= Task input =
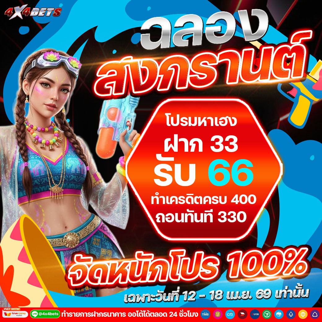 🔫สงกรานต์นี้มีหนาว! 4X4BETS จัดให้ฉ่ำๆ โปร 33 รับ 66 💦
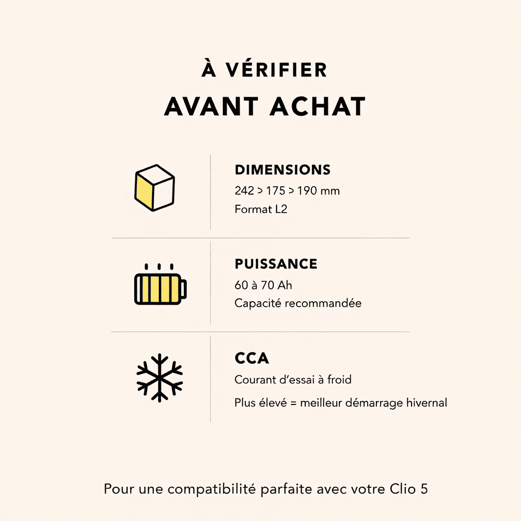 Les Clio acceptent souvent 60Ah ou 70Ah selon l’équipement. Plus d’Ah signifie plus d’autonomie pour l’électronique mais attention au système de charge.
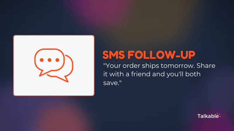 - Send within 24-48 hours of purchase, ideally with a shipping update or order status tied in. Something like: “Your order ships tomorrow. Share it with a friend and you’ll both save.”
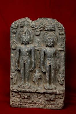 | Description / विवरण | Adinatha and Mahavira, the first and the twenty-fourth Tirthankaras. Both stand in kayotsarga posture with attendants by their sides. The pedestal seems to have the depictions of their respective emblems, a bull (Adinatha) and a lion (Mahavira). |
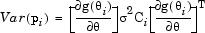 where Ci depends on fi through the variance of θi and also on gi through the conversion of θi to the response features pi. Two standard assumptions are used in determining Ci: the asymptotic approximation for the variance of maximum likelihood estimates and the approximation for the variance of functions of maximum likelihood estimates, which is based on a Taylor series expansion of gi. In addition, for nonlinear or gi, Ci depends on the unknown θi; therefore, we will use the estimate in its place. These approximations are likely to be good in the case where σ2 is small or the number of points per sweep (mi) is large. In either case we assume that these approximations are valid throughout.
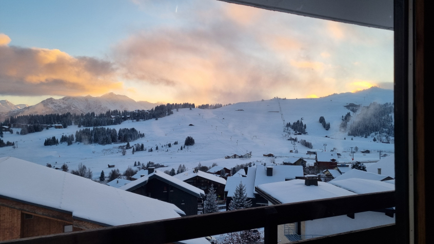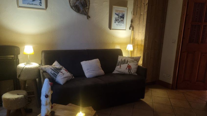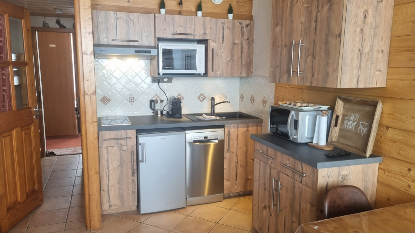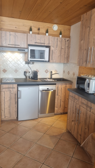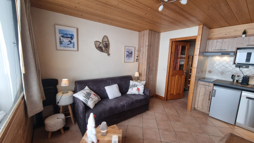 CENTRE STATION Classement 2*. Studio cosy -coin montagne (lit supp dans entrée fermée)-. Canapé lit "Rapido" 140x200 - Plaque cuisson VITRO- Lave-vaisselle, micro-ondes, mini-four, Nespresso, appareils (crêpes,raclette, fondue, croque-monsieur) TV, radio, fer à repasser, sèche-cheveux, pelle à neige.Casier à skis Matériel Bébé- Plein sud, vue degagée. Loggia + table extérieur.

==

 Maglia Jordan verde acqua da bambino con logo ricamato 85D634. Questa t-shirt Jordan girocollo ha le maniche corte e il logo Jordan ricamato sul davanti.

= Work instruction =
Set the pictures aside and retype exactly the lines above from the line with "33 รับ 66 💦" to the line with "lion (Mahavira). |", both included, adding no others.

= The completed task =
 🔫สงกรานต์นี้มีหนาว! 4X4BETS จัดให้ฉ่ำๆ โปร 33 รับ 66 💦
 Les Clio acceptent souvent 60Ah ou 70Ah selon l’équipement. Plus d’Ah signifie plus d’autonomie pour l’électronique mais attention au système de charge.
 - Send within 24-48 hours of purchase, ideally with a shipping update or order status tied in. Something like: “Your order ships tomorrow. Share it with a friend and you’ll both save.”
 | Description / विवरण | Adinatha and Mahavira, the first and the twenty-fourth Tirthankaras. Both stand in kayotsarga posture with attendants by their sides. The pedestal seems to have the depictions of their respective emblems, a bull (Adinatha) and a lion (Mahavira). |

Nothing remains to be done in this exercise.